China will drive oil demand to record 100m-plus barrels per day, keeping prices elevated

By Nicholas Earl

China will drive oil consumption to record levels this year, as the world’s second largest economy reopens following sustained lockdowns – driving oil demand upwards once again.

The International Energy Agency predicts oil demand will grow to 101.9m barrels a day this year, fuelled almost entirely by booming demand in Asia.

This raises expectations oil prices will stay robust through the year – with demand keeping both major benchmarks around $80 per barrel into the first quarter of 2023.

The IEA’s figure is 200,000 barrels a day more than the Paris-based climate agency was forecasting last month.

Overall, it translates into more than two million barrels per day of annual growth this year – with 1.4m barrels driven by Asian nations.

China alone will account for 900,000 barrels a day, the IEA predicts – meaning it makes up nearly half this year’s growth.

After pursuing some of the world’s most restrictive lockdown policies, China U-turned from its “Zero Covid” restrictions late last year.

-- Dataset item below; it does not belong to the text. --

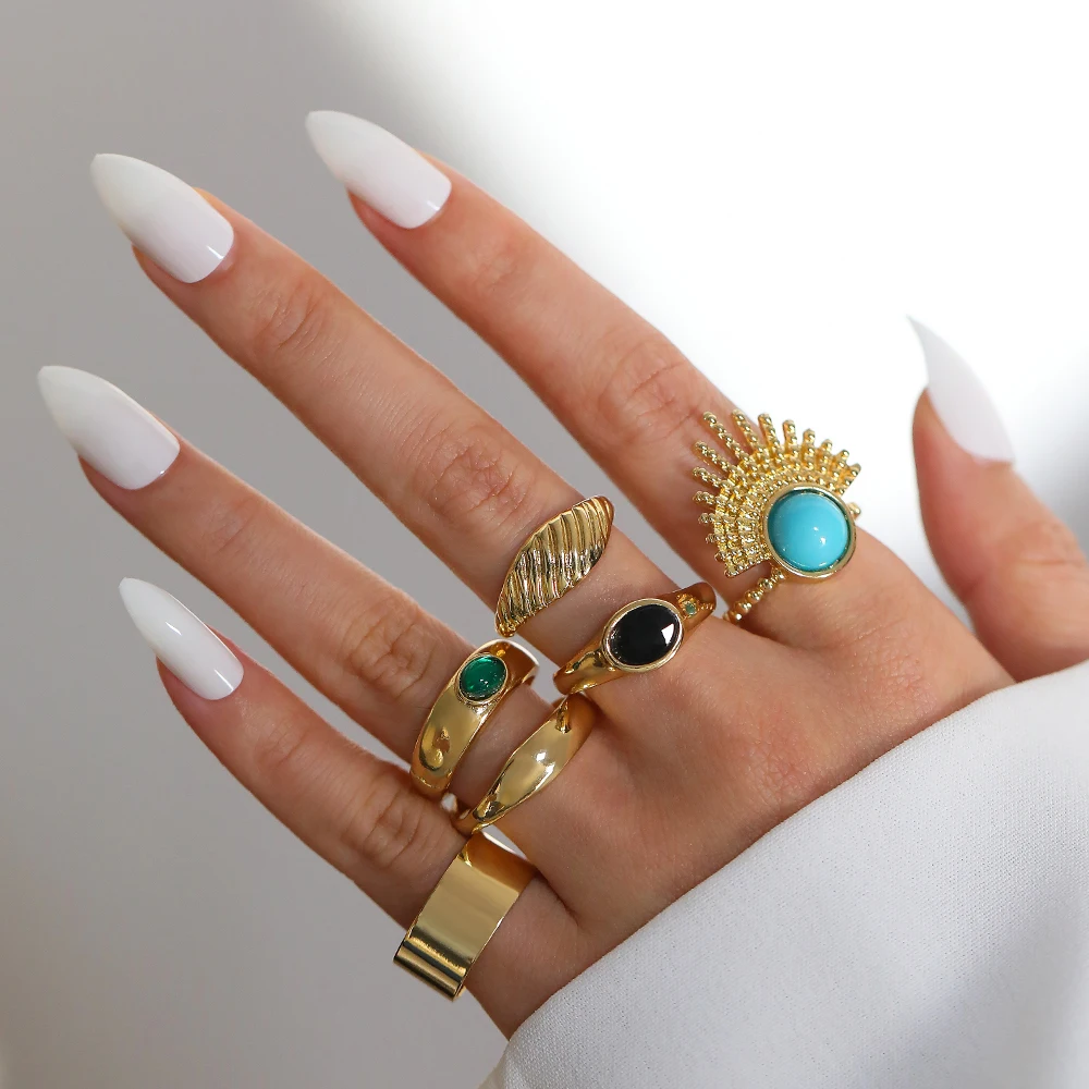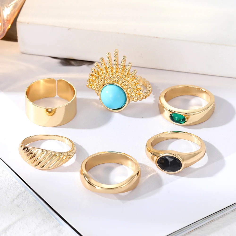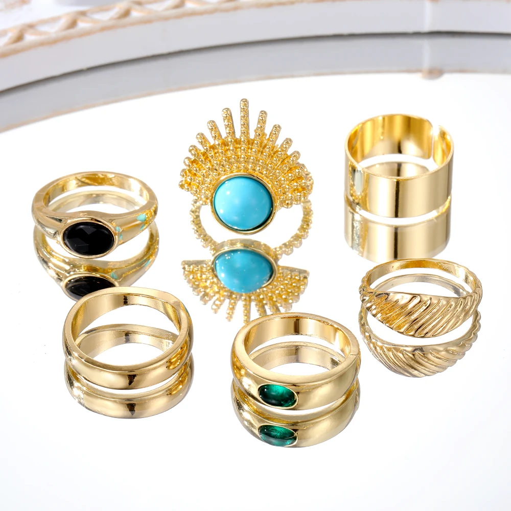 IPARAM مبالغ فيها خواتم للنساء الرجال تقليد الفيروز الأخضر الأسود حجر هندسي الذهب اللون البنصر مجوهرات الحفلات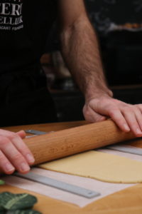 Une fois refroidie, étale ta pâte à 3 mm d’épaisseur. Tu peux t’aider de règles à niveler pour un travail précis et professionnel.

With air travel ramping up as the pandemic continues to ease, jet fuel will be a key pillar in the global demand rebound – which will be significantly boosted by the return of international tourism from China.

The climate agency’s projections arejust short of rival OPEC’s forecast of 2.3m barrels per day growth, outlined in its own report yesterday.

The IEA warned restrained OPEC+ production – the extended alliance which includes Russia – could mean a supply deficit in the second half of the year, alongside shut in from Russian output of 1m barrels per day.

While bullish on China, it was uncertain over the affects of sanctions with the EU bringing in sanctions on seaborne oil shipments and price caps on gas and oil products following Russia’s invasion of Ukraine.

“Supply from OPEC+ is projected to contract with Russia pressured by sanctions. World oil supply looks set to exceed demand through the first half of 2023, but the balance could quickly shift to deficit as demand recovers and some Russian output is shut in,” the IEA said.

“It is still unclear how the EU embargo and price cap on oil products that took effect earlier this month will impact trade flows. Our expectation is that some Russian oil will have to be shut in as a result.”